The Philippine Department of Energy formalised a cooperation framework with ten Norwegian energy companies — including DNV, Fred. Olsen Windcarrier, and Reach Subsea — to accelerate the country's offshore wind buildout. Energy Secretary Sharon Garin hosted the Norwegian delegation in Manila during the Asia Clean Energy Forum (ACEF) week, with discussions centred on technology transfer, engineering expertise, and workforce training.
The Philippines holds an estimated 178 GW of offshore wind potential — roughly 400 times its current wind capacity of 440 MW. Over 200 representatives from government, industry, and finance attended a subsequent seminar at the Asian Development Bank covering policy frameworks, grid upgrades, port infrastructure, and workforce development. Philippine developers ACEN and Copenhagen Offshore Partners engaged directly with Norwegian counterparts on the practical challenge of moving projects from planning to construction.
This cooperation follows the country's declaration of a State of National Energy Emergency earlier in 2026 and the shortlisting of nine companies for the Green Energy Auction 5 (GEA-5) offshore wind round, with the auction proper scheduled for 27 August and notices of award expected 23 September 2026.
Norwegian companies like Fred.

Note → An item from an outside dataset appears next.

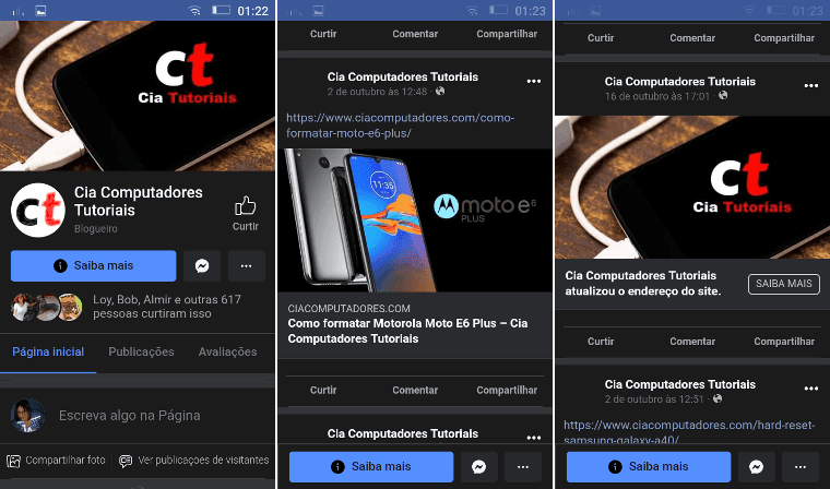 Abaixo algumas imagens da aparência do perfil da nossa página depois de aplicado o procedimento do modo escuro alternativo.

Olsen Windcarrier and Reach Subsea are established offshore marine and subsea operators whose core workforce — naval architects, marine engineers, ROV pilots, and installation supervisors — overlaps directly with the subsea O&G labour pool. Their commitment to Philippine offshore wind creates a new demand channel that competes with traditional O&G project mobilisation across Southeast Asia.
The convergence of GEA-5 auction preparations and this bilateral framework means that by H2 2027, the Philippines will be competing simultaneously for the same offshore installation and commissioning talent that Malaysian, Indonesian, and Vietnamese operators are mobilising for upstream gas projects. Mobilisation timelines for floating wind installation vessels and specialised subsea cable-lay crews are already extending; the 178 GW pipeline will tighten day-rates for marine spread and push lead times for experienced offshore supervisors well beyond current 90-day norms.